6.6 - Lack of Fit Testing in the Multiple Regression Setting

Formal lack of fit testing can also be performed in the multiple regression setting; however, the ability to achieve replicates can be more difficult as more predictors are added to the model. Note that the corresponding ANOVA table below is similar to that introduced for the simple linear regression setting. However, now we have p regression parameters and c unique X vectors. Further, each predictor must have the same value for at least two observations for it to be considered a replicate. For example, suppose we have 3 predictors for our model.
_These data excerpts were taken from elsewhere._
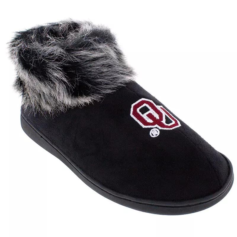 Get cozy with these Oklahoma Sooners womens faux-fur slippers. Get cozy with these Oklahoma Sooners womens faux-fur slippers. Pull-on Logo embroidery and team colors Oficially licensed Cozy faux-fur trimFABRIC & CARE Polyester Rubber outsole Spot clean Imported Color: Black. Gender: female. Age Group: adult. Material: Faux Fur.
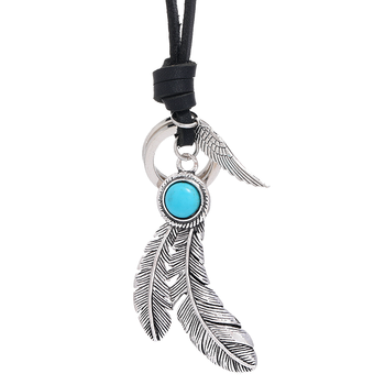 Vintage alaşım tüy kolye kolye deri halat kordon ile moda Trendy Punk turkuaz kazak zinciri etnik tarzı takı
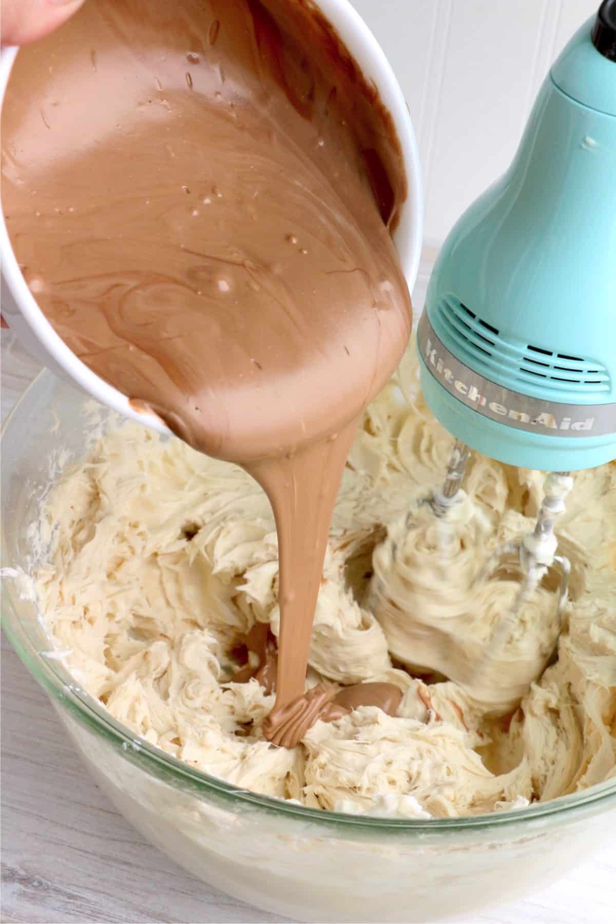 - Pour melted chocolate in a thin stream into the cream cheese mixture while mixing.
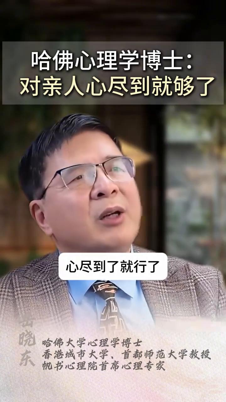 哈佛心理学博士:对亲人心尽到就够了。 晓东,哈佛大学心理学博士,香港城市大学,首
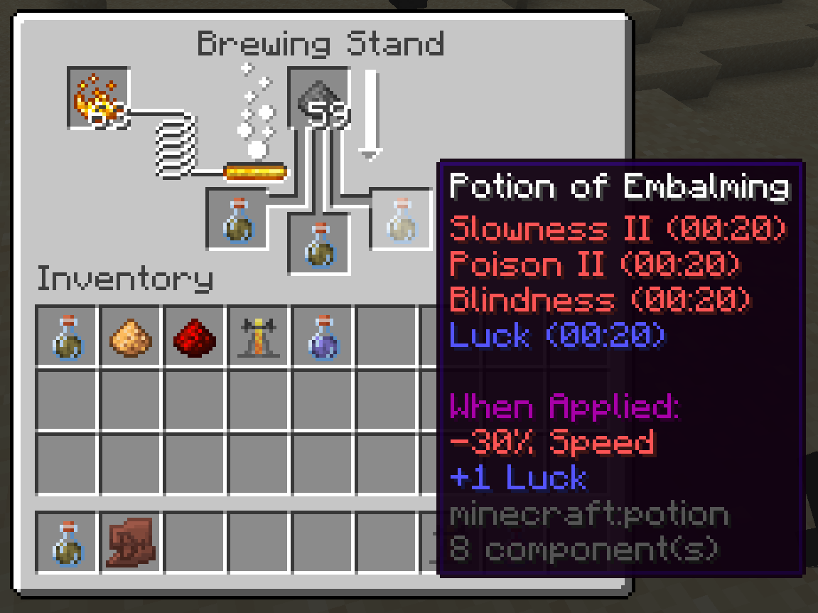 /loot give @s loot minecraft:archaeology/desert_pyramida couple of times until you get the Potion of Embalming. On 1.20.6, run/loot give @s loot minecraft:potion_of_embalming.Put it in a brewing stand alongside with gunpowder and blaze powder.
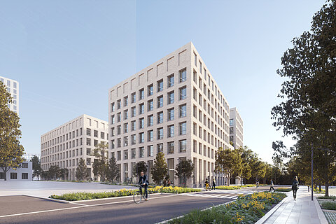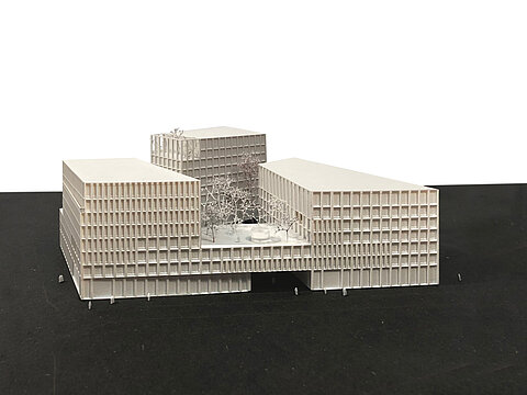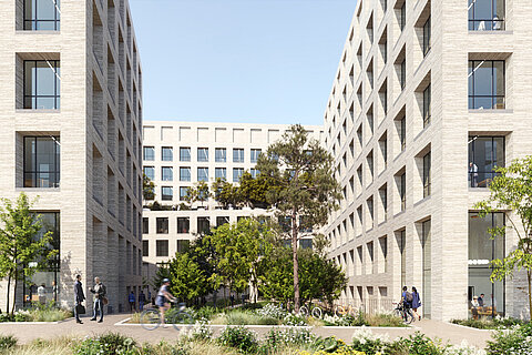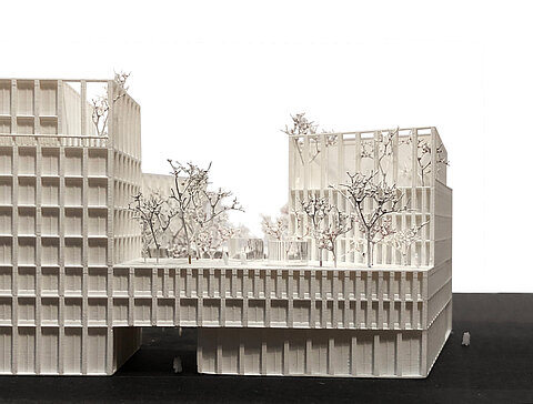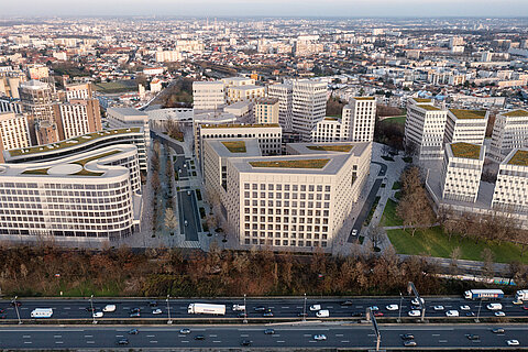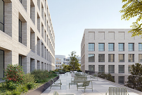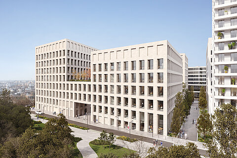 Des espaces extérieurs végétalisés complètent la composition. Un grand jardin est créé en cœur d’îlot où la communauté des usagers se croise, se parle, se repose et crée des liens. Le projet offre également une terrasse accessible à tous depuis le niveau R+4 de près de 900m². Véritable espace fédérateur, il permet aux utilisateurs des trois entités d’accéder à un espace végétalisé en hauteur, offrant des vues sur le jardin comme sur le grand paysage. Ces espaces verts deviennent le théâtre quotidien pour travailler et vivre ensemble.
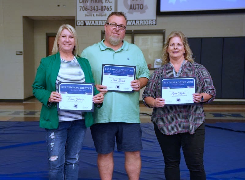 The bus drivers of the year who were recognized were Tina Johnson, representing the elementary schools; Steve Tucker, a middle and high school driver; and Lynn Taylor, a Special Education driver. Steve Tucker was announced as the system bus driver of the year.
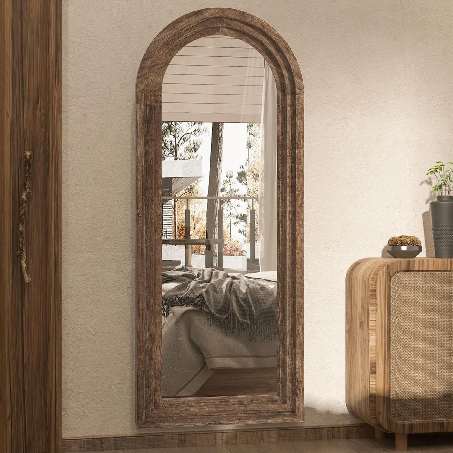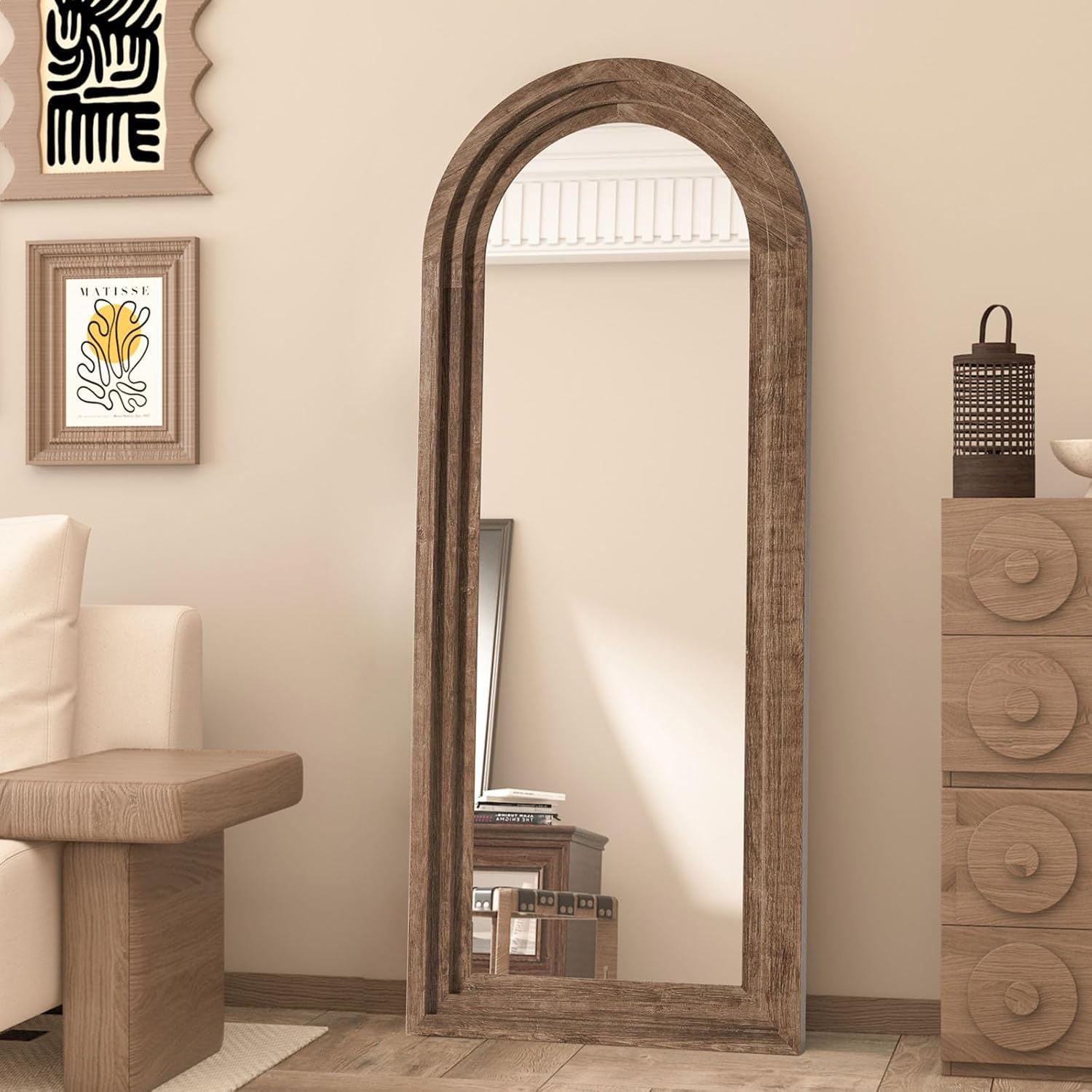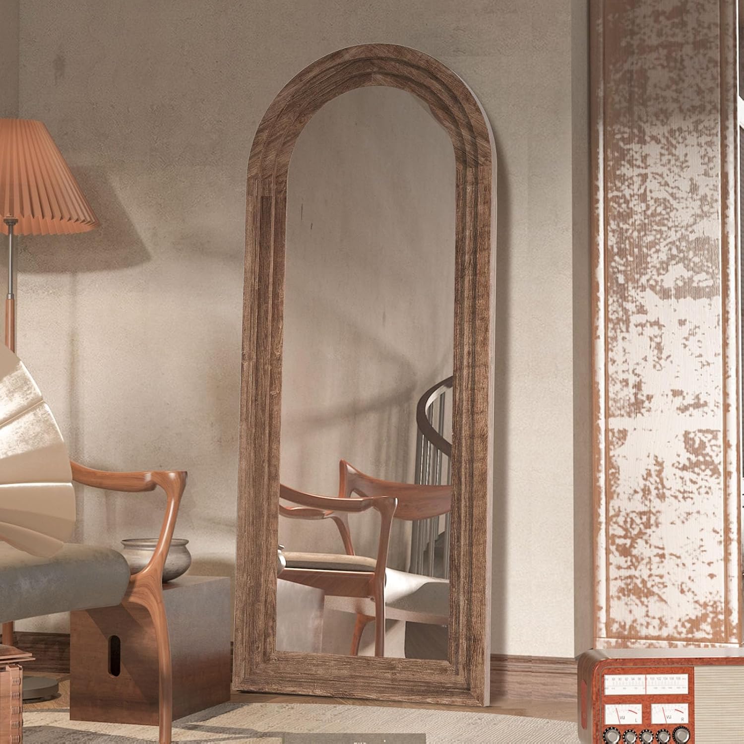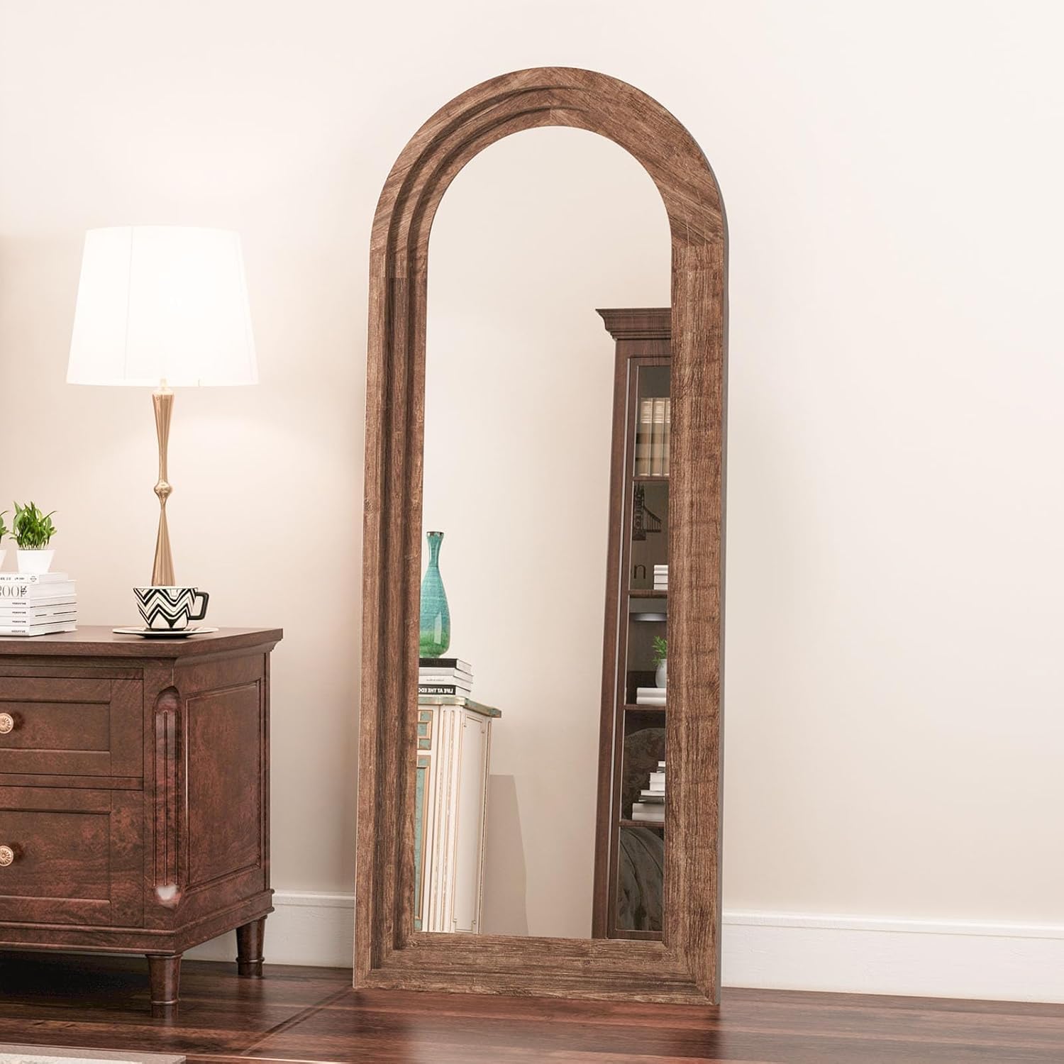 CASSILANDO 165x60cm Zoll Bogen Holz Rahmen Spiegel Distressed Finish für Wand/Boden, Wohnzimmer, Schlafzimmer, Eingang (Kaffee)

The observations (40, 10, 12) and (40, 10, 7) are unique levels for our X vectors, whereas the observations (10, 5, 13) and (10, 5, 13) would constitute a replicate.

Source	df	SS	MS	F
Regression	p - 1	SSR	MSR	MSR / MSE
Error	n - p	SSE	MSE
Lack of Fit	c - p	SSLOF	MSLOF	MSLOF / MSPE
Pure Error	n - c	SSPE	MSPE
Total	n - 1	SSTO

Formal lack of fit testing in multiple regression can be difficult due to sparse data unless we're analyzing an experiment that was designed to include replicates. However, other methods can be employed for lack of fit testing when we do not have replicates. Such methods involve data subsetting. The basic approach is to establish criteria by introducing indicator variables, which in turn create coded variables. By coding the variables, you can artificially create replicates and then you can proceed with lack of fit testing. Another approach with data subsetting is to look at central regions of the data and treat this as a reduced data set. Then compare this reduced fit to the full fit (i.e., the fit with all of the data), for which the formulas for a lack of fit test can be employed. Be forewarned that these methods should only be used as exploratory methods and they are heavily dependent on what sort of data subsetting method is used.